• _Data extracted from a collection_
- - -

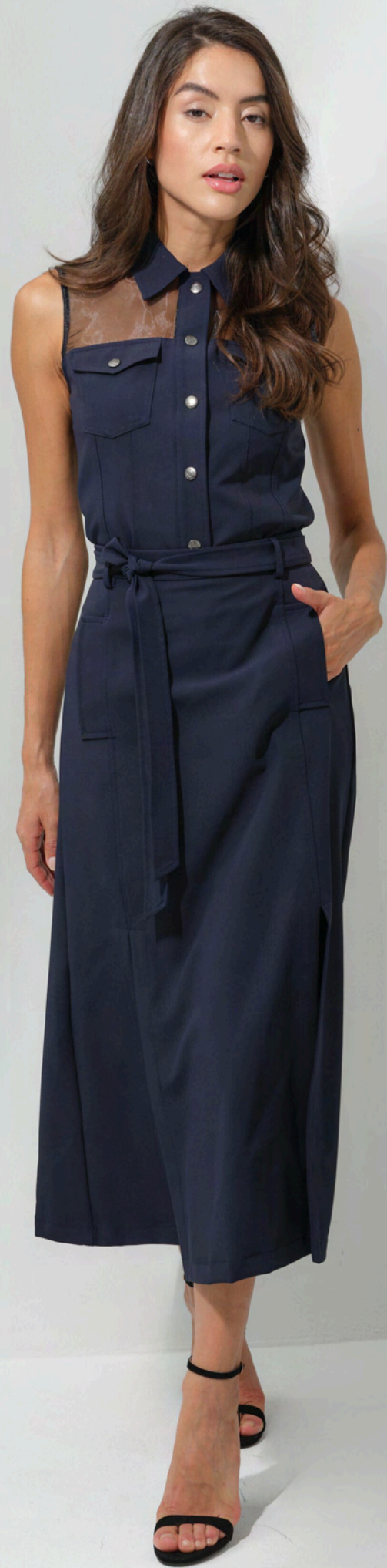
TOP LENOX SKIRT GALINA
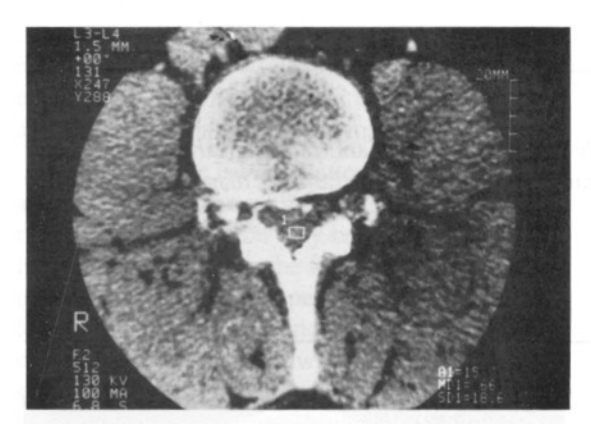
Fig. 3: Post myelographic CT revealed a soft tissue mass.

space. Intrathecal metrizamid myelopraphic CT revealed a soft tissue mass which was pressing and displacing the dural sac anteriorly (Fig. 3).
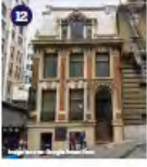
12 George Perine House 550 Powell Street Year Built: 1910 Significant as a rare and very late example of a second empire style house and as the only structure left downtown built as a single-family residence
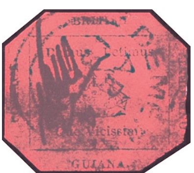
The One Cent Magenta British Guiana, Sc. 13

Although in point of size and commercial importance, British Guiana is essentially a small colony, it holds a high place in the esteem of philatelists on account of the number of rare stamps found among its earlier issues. Not only is it one of the most expensive countries to collect, but it also has the honour of having issued the rarest stamp in the world. This is the 1 cent black on magenta, of 1856, only one copy of which is known. This rare specimen, which reposes in the famous collection of Herr Phillip von Ferrary, of Paris, is without exaggeration the most valuable piece of paper for its size in the world.
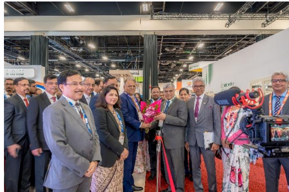
Inauguration of India Pavilion by Shri Pankaj Jain, Secretary, Ministry of Petroleum & Natural Gas during 24 th World Petroleum Congress at Calgary, Canada
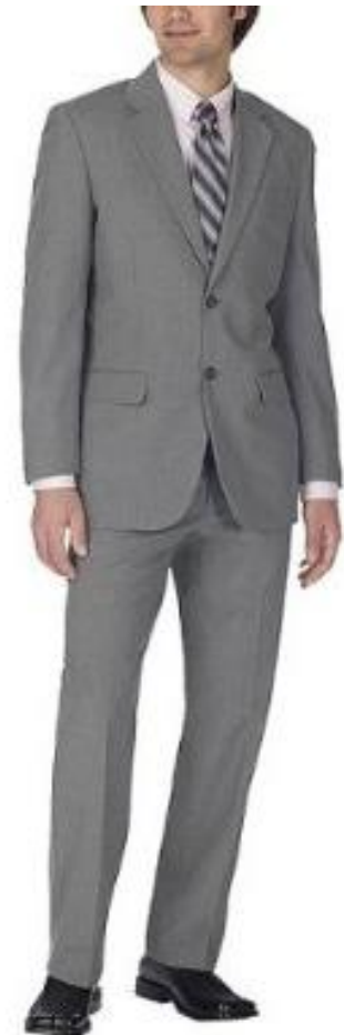
MODEL # 3
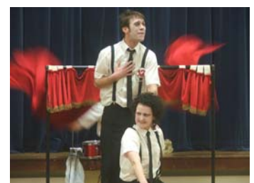
Splendid Productions -Dr Faustus

Drama students have also beentreated to a production of Dr Faustus by Christopher Marlowe, the text of which they are studying for exams. Written in the 16 th century and telling the tale of Faustus – a man who sells his soul to the devil – this could have been a difficult performance to watch but it was far from it. Visiting theatre company 'Splendid Productions' certainly did a splendid job in updating this classic text through comedy and audience participation. 'A' level students then took part in a workshop. The theatre company director complemented all of the students involved, saying she had 'never met such a quirky, individual and totally lovely group of students'.

- - -

• _Assigned task_
Set down the data again, exactly, without images.

• _Solution for this exercise_
TOP LENOX SKIRT GALINA
Fig. 3: Post myelographic CT revealed a soft tissue mass.

space. Intrathecal metrizamid myelopraphic CT revealed a soft tissue mass which was pressing and displacing the dural sac anteriorly (Fig. 3).
12 George Perine House 550 Powell Street Year Built: 1910 Significant as a rare and very late example of a second empire style house and as the only structure left downtown built as a single-family residence
The One Cent Magenta British Guiana, Sc. 13

Although in point of size and commercial importance, British Guiana is essentially a small colony, it holds a high place in the esteem of philatelists on account of the number of rare stamps found among its earlier issues. Not only is it one of the most expensive countries to collect, but it also has the honour of having issued the rarest stamp in the world. This is the 1 cent black on magenta, of 1856, only one copy of which is known. This rare specimen, which reposes in the famous collection of Herr Phillip von Ferrary, of Paris, is without exaggeration the most valuable piece of paper for its size in the world.
Inauguration of India Pavilion by Shri Pankaj Jain, Secretary, Ministry of Petroleum & Natural Gas during 24 th World Petroleum Congress at Calgary, Canada
MODEL # 3
Splendid Productions -Dr Faustus

Drama students have also beentreated to a production of Dr Faustus by Christopher Marlowe, the text of which they are studying for exams. Written in the 16 th century and telling the tale of Faustus – a man who sells his soul to the devil – this could have been a difficult performance to watch but it was far from it. Visiting theatre company 'Splendid Productions' certainly did a splendid job in updating this classic text through comedy and audience participation. 'A' level students then took part in a workshop. The theatre company director complemented all of the students involved, saying she had 'never met such a quirky, individual and totally lovely group of students'.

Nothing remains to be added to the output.